Due to the death & destruction caused by Hurricane Camille the name was indefinitely retired after the 1969 hurricane season.
Was hurricane Katrina the worst hurricane in the universe?
In terms of property damage, Katrina was the worst hurricane in U.S. history. However it was nowhere near being the deadliest tropical cyclone (the generic term for hurricanes. Hurricane Katrina killed 1,836 people. The deadliest hurricane in the U.S. the Galveston hurricane of 1900 killed at least 6,000 people and possibly as many as 12,000.
The deadliest of all tropical cyclones, the Bhola cyclone of 1970 killed at least 300,000 people.
How many people were killed in Florida during Hurricane Katrina?
Hurricane Katrina struck Louisiana, Mississippi, and Alabama in 2005, not Florida. It caused significant damage and resulted in over 1,800 deaths across the affected regions, with New Orleans being impacted the most.
Are there still people staying in hotels after Katrina?
The people of Louisiana, Mississippi, Florida, Alabama, Georgia, Ohio, Kentucky, Tennessee, Pennsylvania, and Virginia.
The people of New Orleans were the most affected, followed by those of Biloxi, Mississippi.
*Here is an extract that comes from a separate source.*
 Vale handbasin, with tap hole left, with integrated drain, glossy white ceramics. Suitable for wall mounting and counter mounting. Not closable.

Many homes were damaged or destroyed by Hurricane Katrina and many of those damaged were uninhabitable. Over 1,800 people were killed and many more were injured or displaced. Katrina made landfalls in Florida, Louisiana, and Mississippi and remained a tropical storm as far inland as Tennessee. Additionally, Katrina and its remnants produced damaging tornadoes tornadoes in Florida, Alabama, Georgia, Mississippi, Pennsylvania, and Mississippi.
How bad did super dome get damaged after Katrina?
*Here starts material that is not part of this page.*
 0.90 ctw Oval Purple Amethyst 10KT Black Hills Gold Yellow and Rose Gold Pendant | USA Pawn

After Hurricane Katrina in 2005, the Superdome in New Orleans sustained significant damage, particularly from flooding and wind. The roof was partially torn off, leading to water leaks, and the interior experienced extensive damage, including broken windows and debris. The facility was used as a shelter during the storm, which compounded the wear and tear. However, it was subsequently renovated and reopened in 2006, showcasing resilience in the face of disaster.